The present disclosure relates to a system for the support of tanks for liquids in vessels. More particularly the disclosure relates to a system for bearing or support of vertical forces on tanks for liquids in vessels at the base of the tanks and for horizontal forces at few places so that the bearing of forces that arise are transferred in an advantageous manner to the construction of the vessel.

It is advantageous that the capacities of a ship are exploited in the most efficient way while safety is maintained. The design and therefore the fastening of tanks thereto are influenced by the liquid that is to be transported. This is influenced by the environment that the liquid requires. Liquids that are to be transported may be, for example, foodstuffs that require cooling in order to maintain quality, while other liquids require an over- or under-pressure. An energy carrier such as a liquefied natural gas (LNG) transport vessel requires a tank having a storage temperature of around −160° C. at atmospheric pressure. For carbon dioxide (CO2) transportation, a requirement is, for staying fluent, a temperature of −60° C. in addition to a pressure of about 600 kPa. When transporting other liquids, other conditions apply. Together with dimensions and weight of such tanks, this lay the foundation for even minor improvements may result in large economic profit and competitive advantages.

In the art is known to use hardwood to transfer support forces from a tank to hull as pure pressure via hardwood layers or synthetic materials with similar properties. It is essential that the materials in these layers have very good temperature insulating properties and that they can endure the pressure that they are subjected to.

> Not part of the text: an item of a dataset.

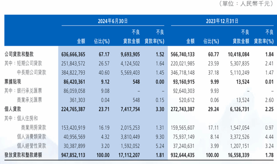 从贷款投放来看,截至2024年上半年末,渤海银行的个人贷款余额为2247.65亿元,占比23.71%,较2023年末下降17.59%。其中,个人贷款的不良贷款余额为74.18亿元,较2023年末上升21.07%;不良贷款率为3.30%,较2023年末上涨1.05个百分点。

Hardwood is a suitable material for this purpose, but there are many synthetic alternatives. The products DEHONIT® and PERMALI, which are trademarks of the German company “Deutshe Holzveredlung Schmeing” are examples of products for such use.

Tanks intended for transport of liquids with boats are often formed as spheres, cylinders or prisms. U.S. Reissue Pat. No. RE 29424 describes supporting of tanks having a cylinder shaped cross section that rest on a skirt with opposite sides firmly fastened to a hull of a ship, claim1. The '030 reissue patent describes another form of support, where a number of support units along a horizontal circumference of the tank is put into opposite positioned sleeves.

Vessels may also comprise high vertical cylinder shaped tanks. High tanks may be advantageous for transporting liquids because it will then have better opportunity to adapt the amount of liquid that may be transported with a given hull of a vessel. In addition there are of course other technical problems to addressed as a consequence of using such high tanks. An example of such consequences may be conditions regarding the stability of the vessel. Another and important example is the vertical and horizontal support of such high tanks.

International (PCT) Application Publication No. WO 2010/020431 describes a device for storing a self supporting vertical tank for LNG. It comprises a support arrangement that enables a horizontal relative motion between the tank and the foundation. In this way the tank may contract and expand according to the temperature of the tank without unwanted tension to appear.

The foregoing International Application also describes an arrangement with vertical support faces that are distributed evenly around the tank in two heights. In this way the tank is supported when horizontal forces are applied and pitching is prevented.

A disadvantage with self supporting big and high vertical tanks is that they result in large local load because it is not straightforward to distribute the load. Normally the load is either applied to a ring on the bottom of a ship or to the sidewalls of the hull of the ship. This is described in the '431 PCT publication.

There are mainly two different versions of cryogenic tank design for transport of LNG that are being used today. One is a self supporting tank while the other is a so called membrane type. The most common self supporting type is the Moss tank with a design owned by the Norwegian company Moss Maritime and is a spherical tank. One advantage with self supporting tanks like the Moss tank is that they are robust. One disadvantage is that they are not very efficient in that much space is wasted in the hull with spherical tanks.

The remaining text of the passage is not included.